Instructions to follow> A faithful copy without images is required: write out all the records exactly.

(Stored records)
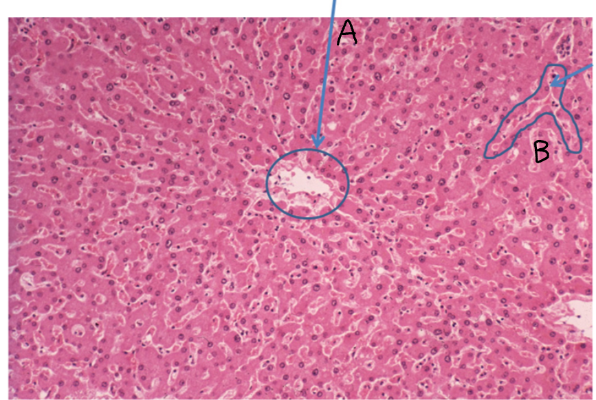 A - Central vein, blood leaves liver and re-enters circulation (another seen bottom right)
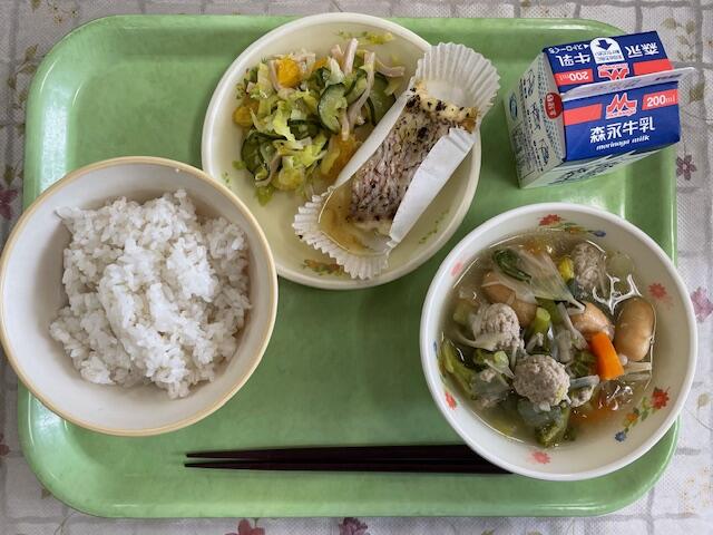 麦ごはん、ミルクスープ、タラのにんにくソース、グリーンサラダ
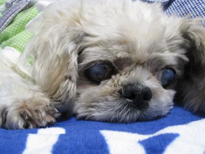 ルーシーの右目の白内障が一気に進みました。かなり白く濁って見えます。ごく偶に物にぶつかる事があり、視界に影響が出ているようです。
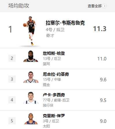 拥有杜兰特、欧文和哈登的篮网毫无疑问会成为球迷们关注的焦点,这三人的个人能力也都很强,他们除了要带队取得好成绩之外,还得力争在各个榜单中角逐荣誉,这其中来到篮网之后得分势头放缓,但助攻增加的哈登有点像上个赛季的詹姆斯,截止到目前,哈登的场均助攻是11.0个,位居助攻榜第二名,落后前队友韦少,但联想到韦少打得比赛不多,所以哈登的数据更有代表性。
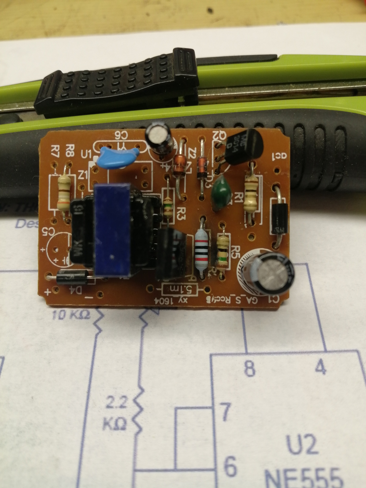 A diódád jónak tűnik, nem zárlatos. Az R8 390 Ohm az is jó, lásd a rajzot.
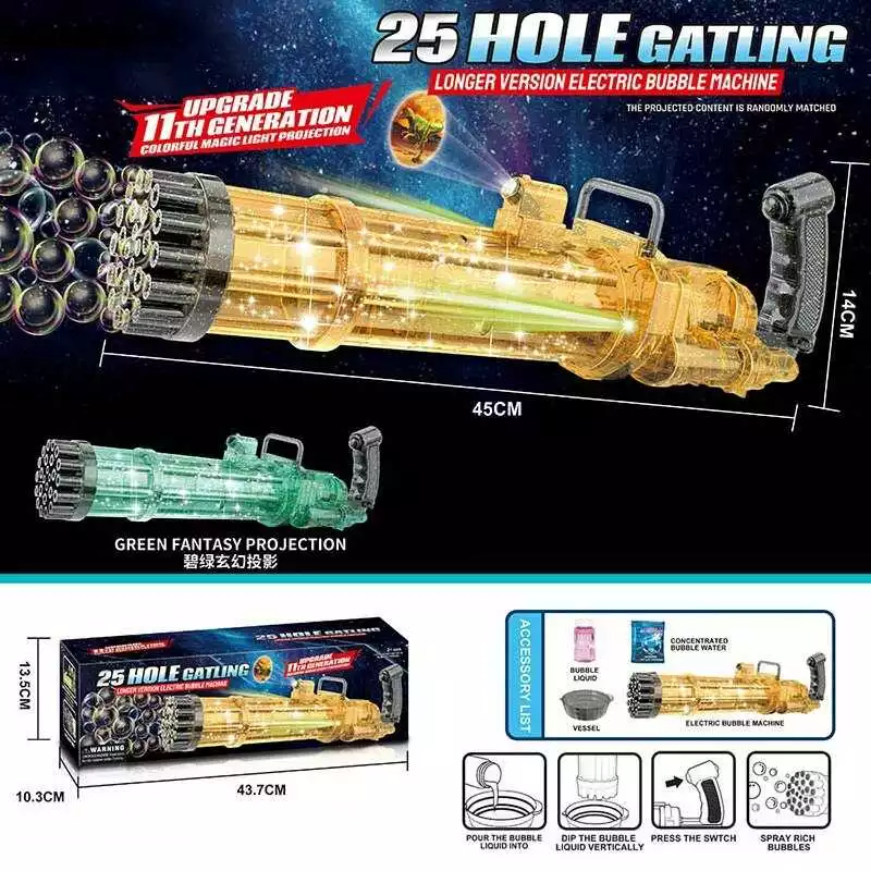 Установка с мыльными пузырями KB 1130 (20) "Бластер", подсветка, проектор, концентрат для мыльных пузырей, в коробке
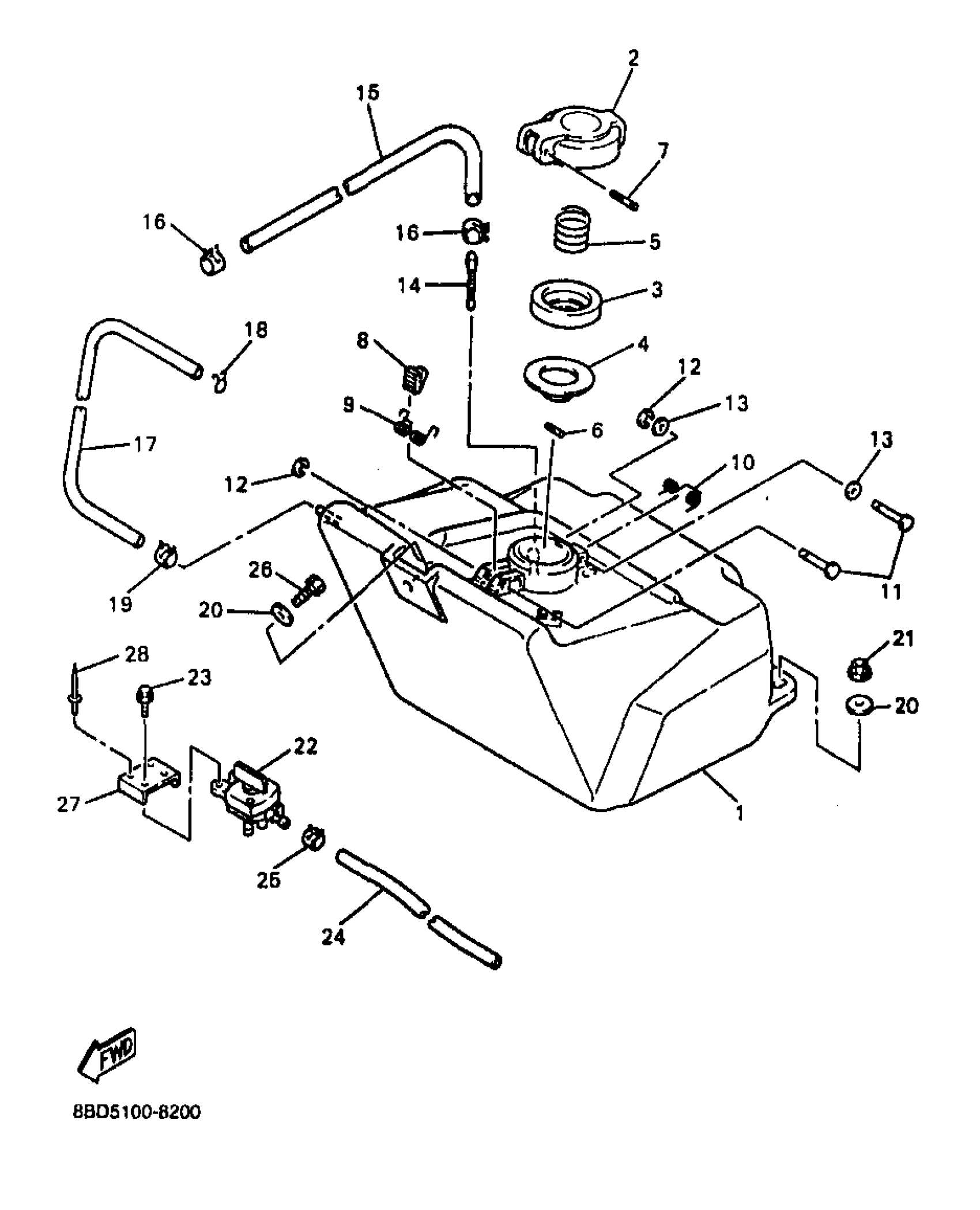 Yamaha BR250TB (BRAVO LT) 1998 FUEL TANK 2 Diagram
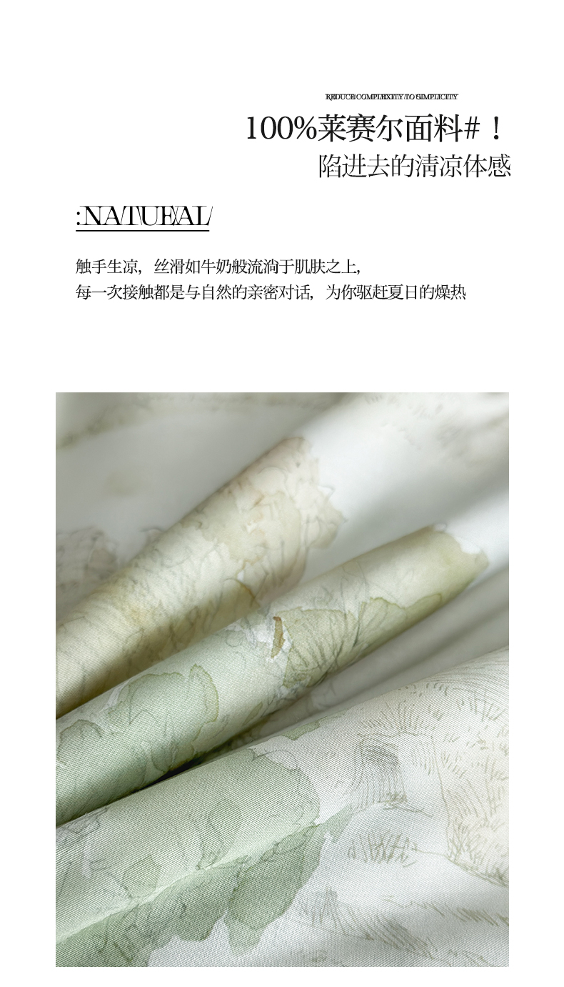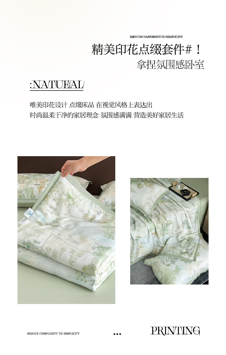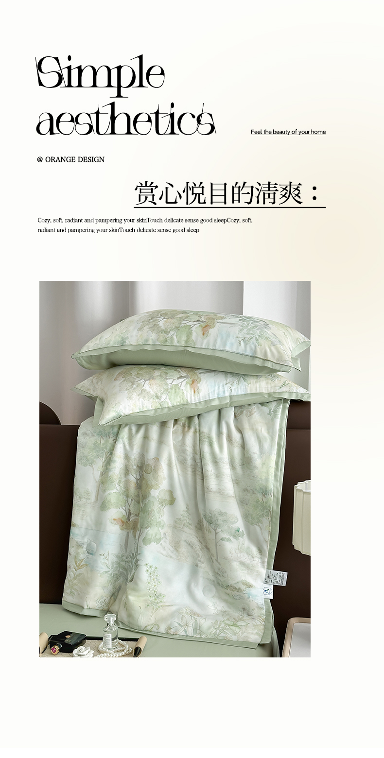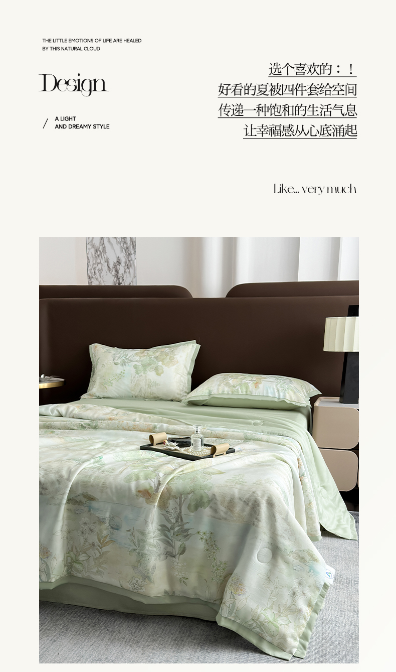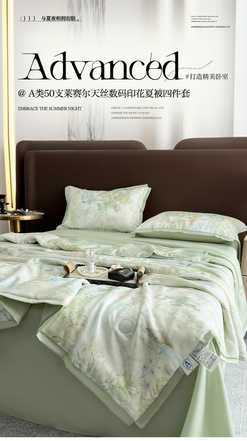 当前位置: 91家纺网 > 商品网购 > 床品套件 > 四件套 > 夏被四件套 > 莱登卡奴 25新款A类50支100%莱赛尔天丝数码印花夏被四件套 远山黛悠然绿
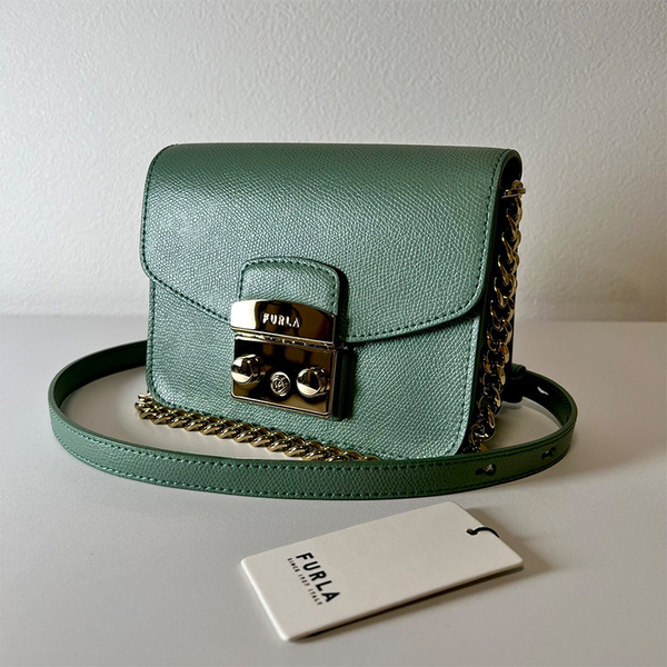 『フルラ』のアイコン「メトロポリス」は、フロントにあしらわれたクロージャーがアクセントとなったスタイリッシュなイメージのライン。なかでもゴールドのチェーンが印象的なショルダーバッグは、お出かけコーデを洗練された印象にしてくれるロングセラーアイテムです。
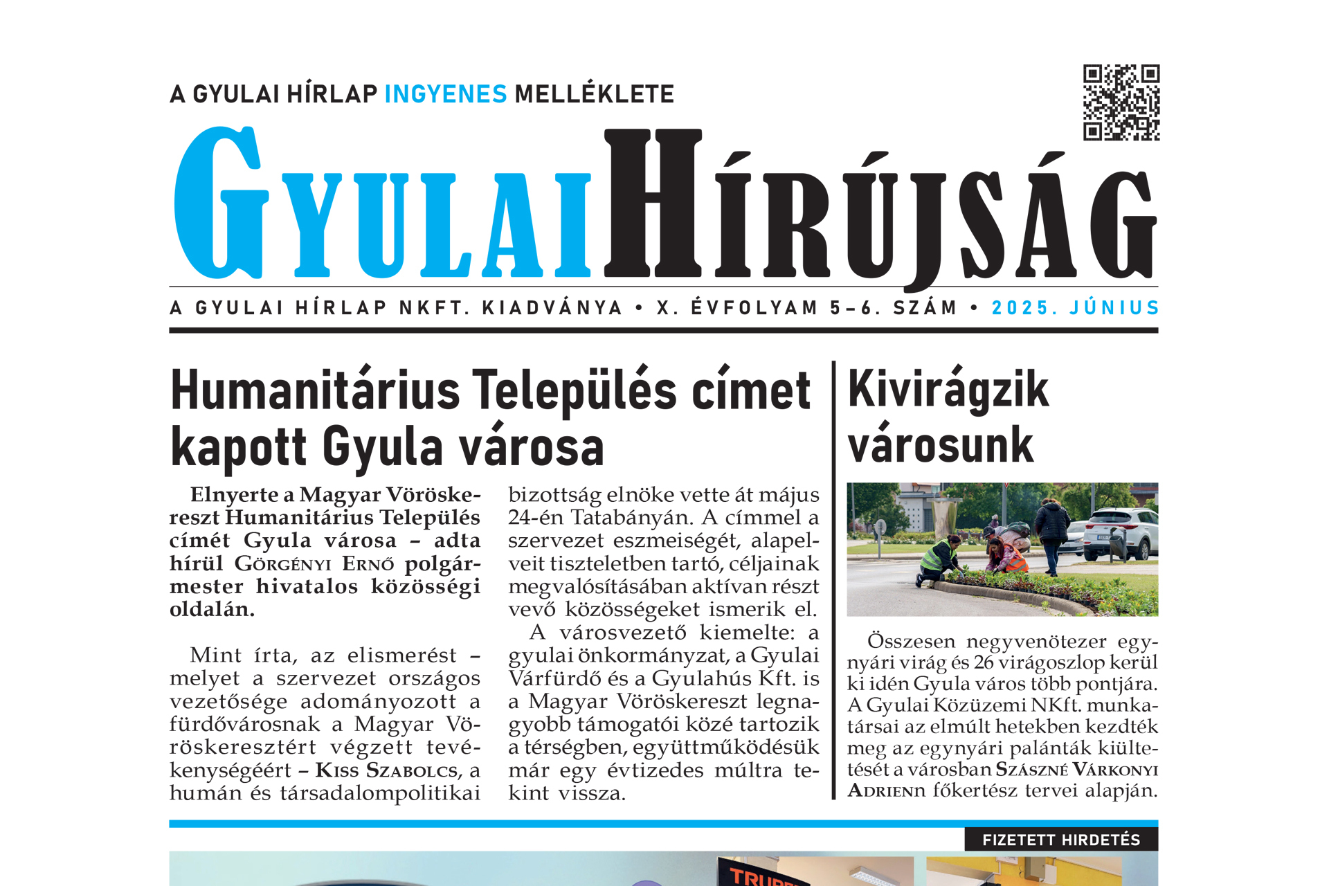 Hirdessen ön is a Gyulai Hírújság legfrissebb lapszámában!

Expected output>
 A - Central vein, blood leaves liver and re-enters circulation (another seen bottom right)
 麦ごはん、ミルクスープ、タラのにんにくソース、グリーンサラダ
 ルーシーの右目の白内障が一気に進みました。かなり白く濁って見えます。ごく偶に物にぶつかる事があり、視界に影響が出ているようです。
 拥有杜兰特、欧文和哈登的篮网毫无疑问会成为球迷们关注的焦点,这三人的个人能力也都很强,他们除了要带队取得好成绩之外,还得力争在各个榜单中角逐荣誉,这其中来到篮网之后得分势头放缓,但助攻增加的哈登有点像上个赛季的詹姆斯,截止到目前,哈登的场均助攻是11.0个,位居助攻榜第二名,落后前队友韦少,但联想到韦少打得比赛不多,所以哈登的数据更有代表性。
 A diódád jónak tűnik, nem zárlatos. Az R8 390 Ohm az is jó, lásd a rajzot.
 Установка с мыльными пузырями KB 1130 (20) "Бластер", подсветка, проектор, концентрат для мыльных пузырей, в коробке
 Yamaha BR250TB (BRAVO LT) 1998 FUEL TANK 2 Diagram
 当前位置: 91家纺网 > 商品网购 > 床品套件 > 四件套 > 夏被四件套 > 莱登卡奴 25新款A类50支100%莱赛尔天丝数码印花夏被四件套 远山黛悠然绿
 『フルラ』のアイコン「メトロポリス」は、フロントにあしらわれたクロージャーがアクセントとなったスタイリッシュなイメージのライン。なかでもゴールドのチェーンが印象的なショルダーバッグは、お出かけコーデを洗練された印象にしてくれるロングセラーアイテムです。
 Hirdessen ön is a Gyulai Hírújság legfrissebb lapszámában!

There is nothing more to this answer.